В этом письме впервые с такой определенностью шла речь о вращении твердого тела. Это пока был еще тот период, когда ученый, как следопыт, только изучает запутанные и неясные тропы, чтобы отыскать среди них одну верную. Но Ковалевская, наконец проверив все существующие методы решения задачи и отвергнув их как несовершенные, смело применила новые средства и… поверила в успех. Правда, предстояли годы напряженнейшего труда, чтобы приблизиться к цели. А времени не хватало.

Дни наполнялись лекциями, занятиями, встречами с разными людьми. Много сил отнимала подготовка к печатанию последних томов произведений Брема, которые Владимир Онуфриевич не смог издать.
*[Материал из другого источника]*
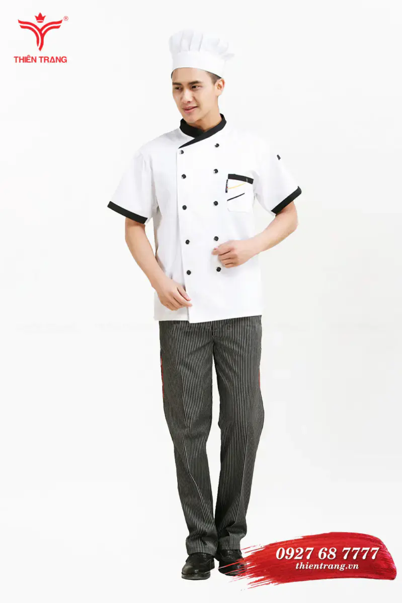 Đồng phục bếp khách sạn TTKSADBKS1A màu trắng phối đen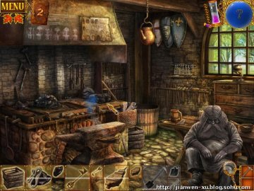 进了门,发现黑史密斯中了魔法在睡觉,提示为他完成锻造匕首。好吧,又开始了寻找工具的人生。其中钥匙在史密斯的手里。顺便别忘了找叶子,一片叶子需要点击这里发现。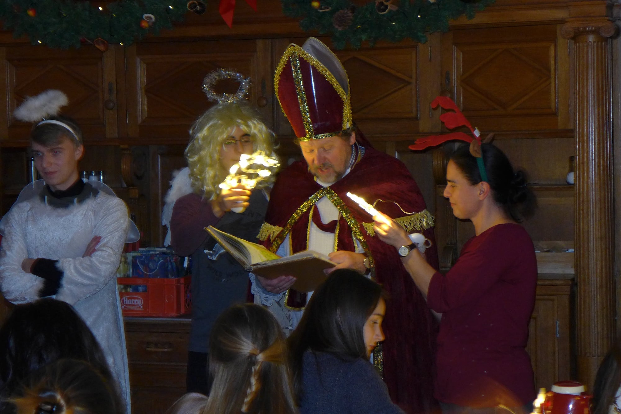 In diesem Jahr gab es nach dem Genuss von Schokolade und Co. sogar Besuch vom Heiligen Nikolaus, Knecht Ruprecht und einem Weihnachtsengel, die sich freundlicherweise bereit erklärt hatten, die Wichtelgeschenke und das Geschenk vom Internat zu verteilen.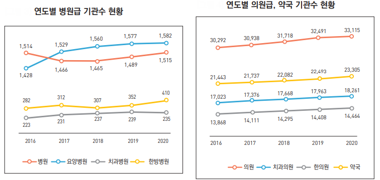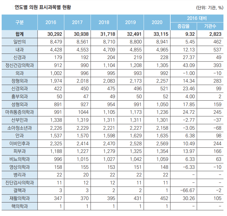2016³âºÎÅÍ 2020³â±îÁö ÀÇ¿ø±Þ ¿ä¾ç±â°ü ¼ö¸¦ ºÐ¼®ÇÑ °á°ú¸¦ º¸¸é, Á¤½Å°Ç°ÀÇÇаú°¡ 912°÷¿¡¼ 1305°÷À¸·Î 43% ´Ã¾î °¡Àå Å« Áõ°¡ÆøÀ» º¸¿´´Ù.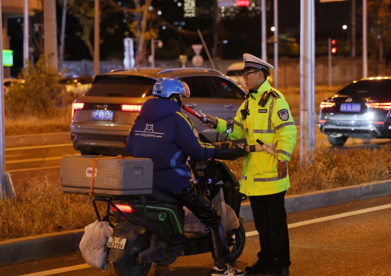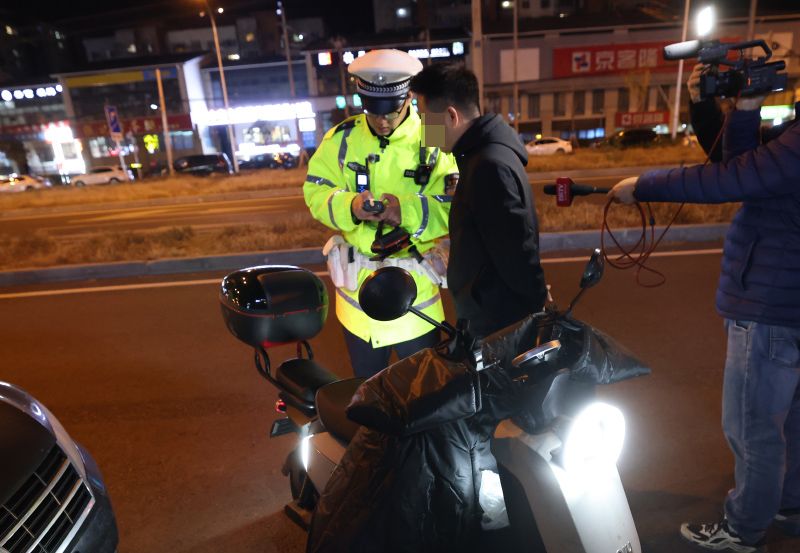 11月12日夜,一名饮酒后骑行电动自行车的市民接受交警的安全教育。“虽然您这次没有达到80mg/100ml的醉驾处罚标准,但饮酒时骑行非机动车还是有安全隐患,需要对您进行警告提醒,登记下信息,另外您今天最好就推着车步行回去,或者选择其他安全的交通方式。”朝阳交通支队机场大队副大队长高浩轩向这位市民介绍了法规的要求,如果达到了醉驾骑行非机动车的情节,则需要面临50元的罚款。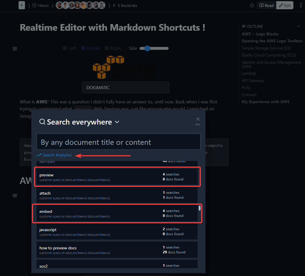 If there are multiple hits for your keyword, Archbee will show them all in seconds.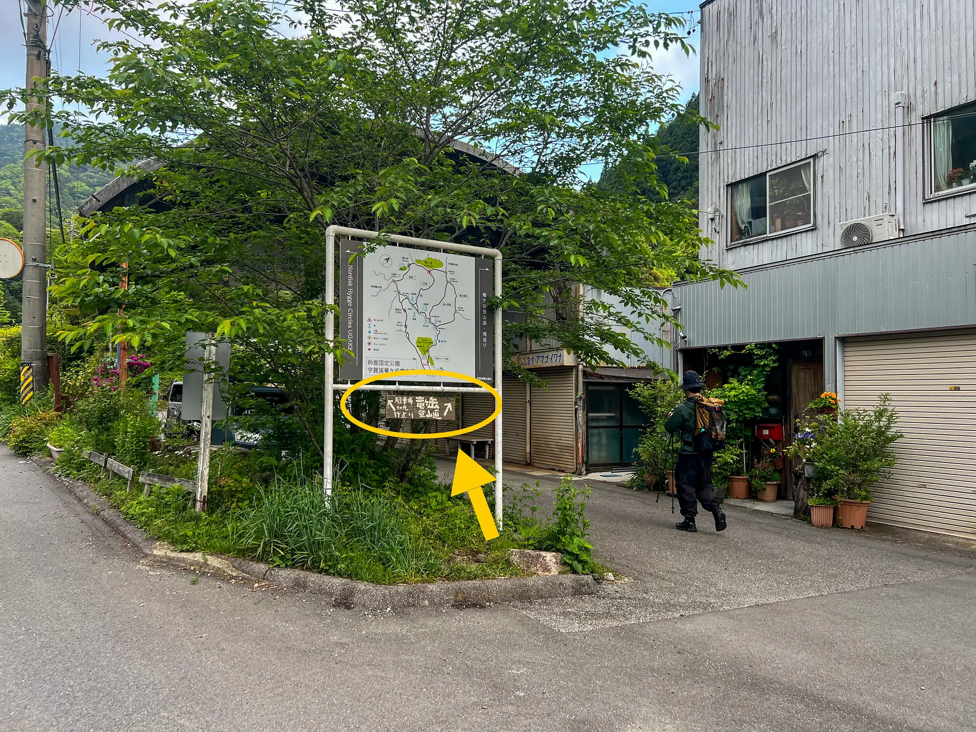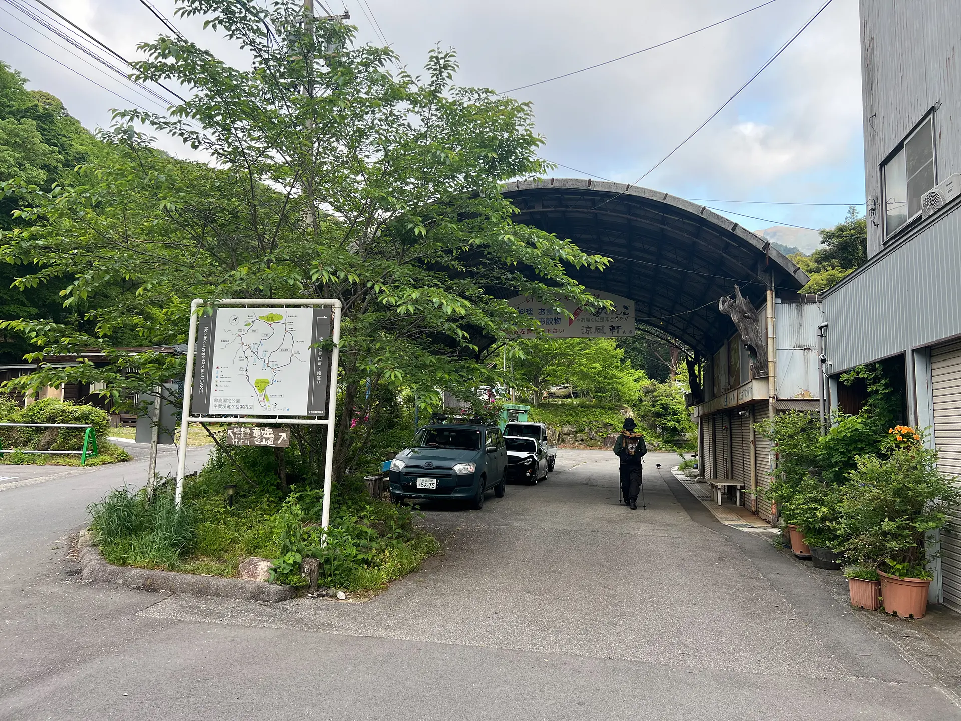 アーチ状の建物方向に進んでいきましょう。案内看板の下にも竜ヶ岳登山道の案内がありますので、案内の方向の通り道を進みます。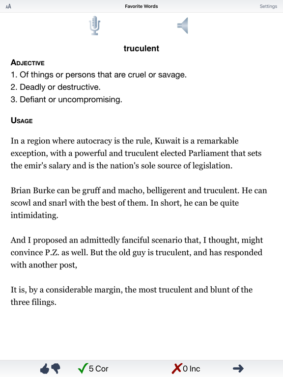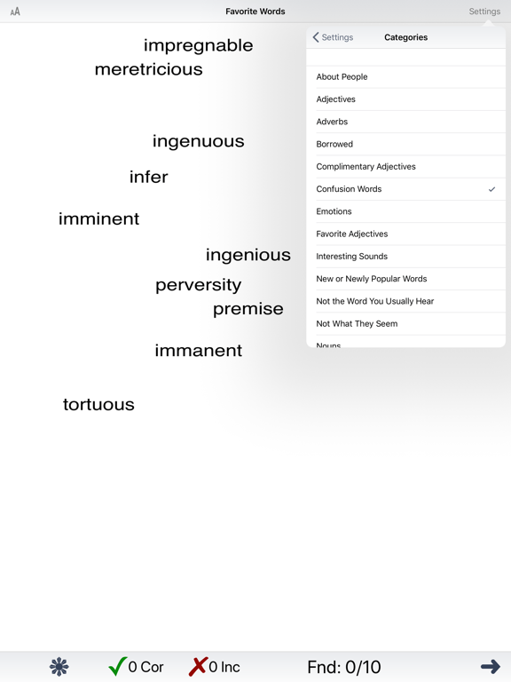 This app has two modes. The first mode is a learning mode where the student becomes familiar with the words and their definitions. The second mode is a practice mode where the student views a definition, then picks the word out of a field of ten words. The student plays until all 10 words are identified.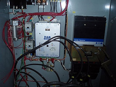 Ram Industries Motor Starter Control Panel- 350 HP. Job No. 3014236, Drawing No. FKC-4350Y1033. Power supply: 460 V, 399 FLA, 60 Hz, 3 phase. Acme 2 KVA Industrial Control Transformer, Type No. TA-2- 81219, 50/60 Hz. Ram Industries Microprocessor Based Motor Protection Module, Input: 120 VAC, 60 Hz, Output: 1/3 hp @ 120 VAC, 10 amps. Overall dimensions: 2 ft. 8 in. L x 1 ft. 8 in. W x 5 ft. 6 in. H.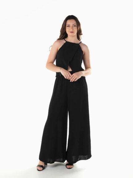 Conjunto fluído top cruzado e calças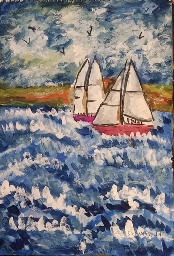 I reached out to Joyashree and shared how beautiful the artwork was and the words I had written. As we chatted, I got to see another brilliant piece on the theme of boats and stormy skies by Shreyan. It was touching.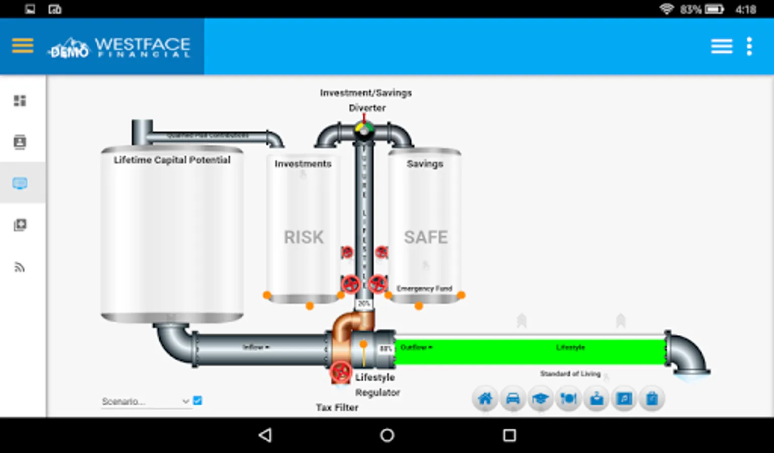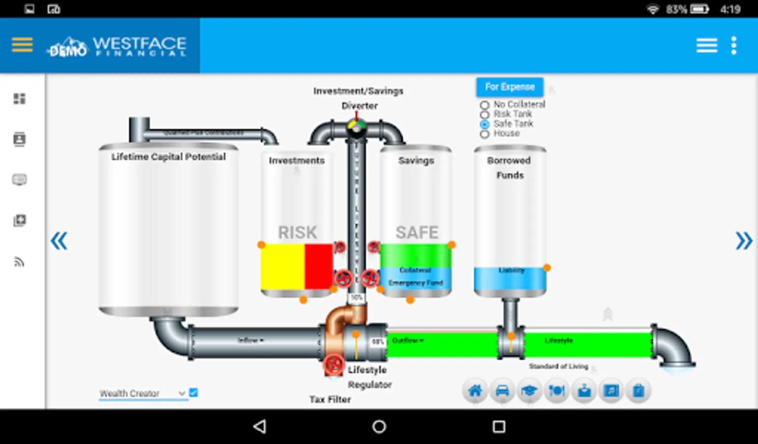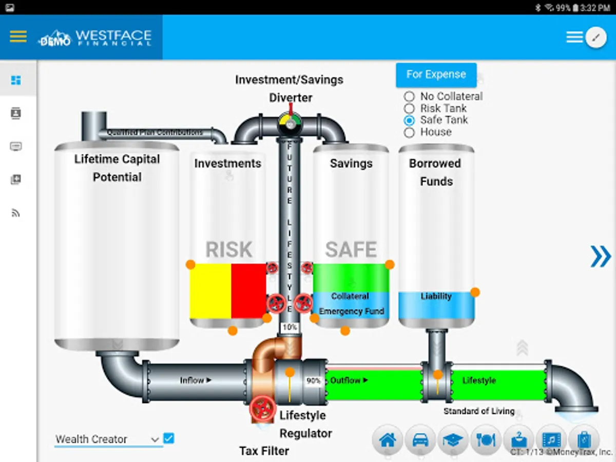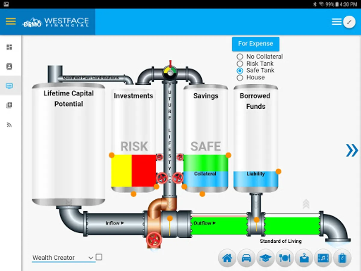 The Circle of Wealth® is a system that significantly improves the level and quality of communication between financial advisors and their clients. The supporting applications excel as “Visual Storyboards” to help the advisor clearly communicate the many ways to improve the efficiency of a client’s wealth during accumulation and retirement distribution. The visual storyboards cover over 100 individual financial concepts such as taxes, qualified plans, mortgages, college funding, savings plans, insurance protection, retirement planning, and many more.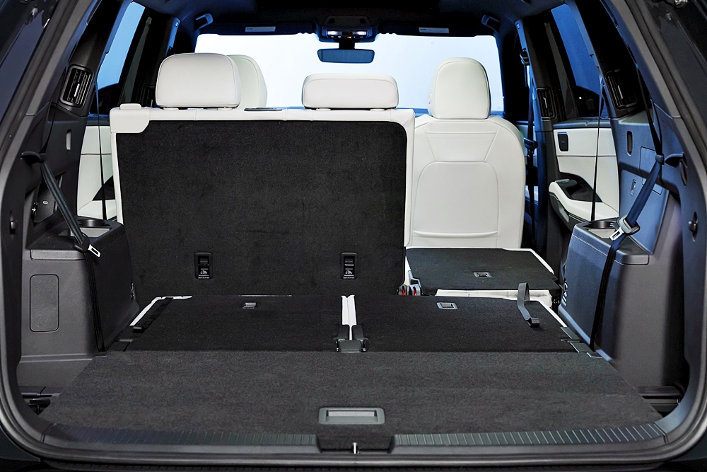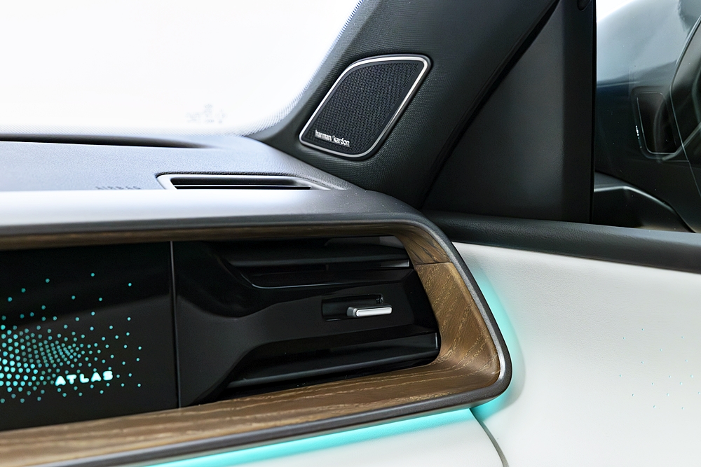 - Profil Sisi: Bahagian sisi kini kelihatan lebih tegap dengan permukaan yang lebih kemas serta garisan badan yang tajam. Atlas 2027 turut menawarkan hendal pintu bercahaya dan lampu suluhan (puddle lamps) dengan pancaran corak yang unik.

После его смерти Софья Васильевна предлагала Суворину приобрести у нее Брема, но разбогатевший издатель предложил ей смехотворно низкую цену. Ковалевской нужны были деньги для уплаты долга друзьям-кредиторам Владимира Онуфриевича, вовлеченным в операции с паями рагозинского общества.

Слава ее между тем росла. «На Ковалевскую» хозяева приглашали гостей, как приглашали «на Нансена», входившего в моду. В обществе ее называли «наш профессор Соня (Sonya)», ее именем называли детей. Может быть, эта «суета сует» порой вызывала бы у нее беззлобную иронию, порой забавляла бы ее, не будь все так плоско и серо кругом.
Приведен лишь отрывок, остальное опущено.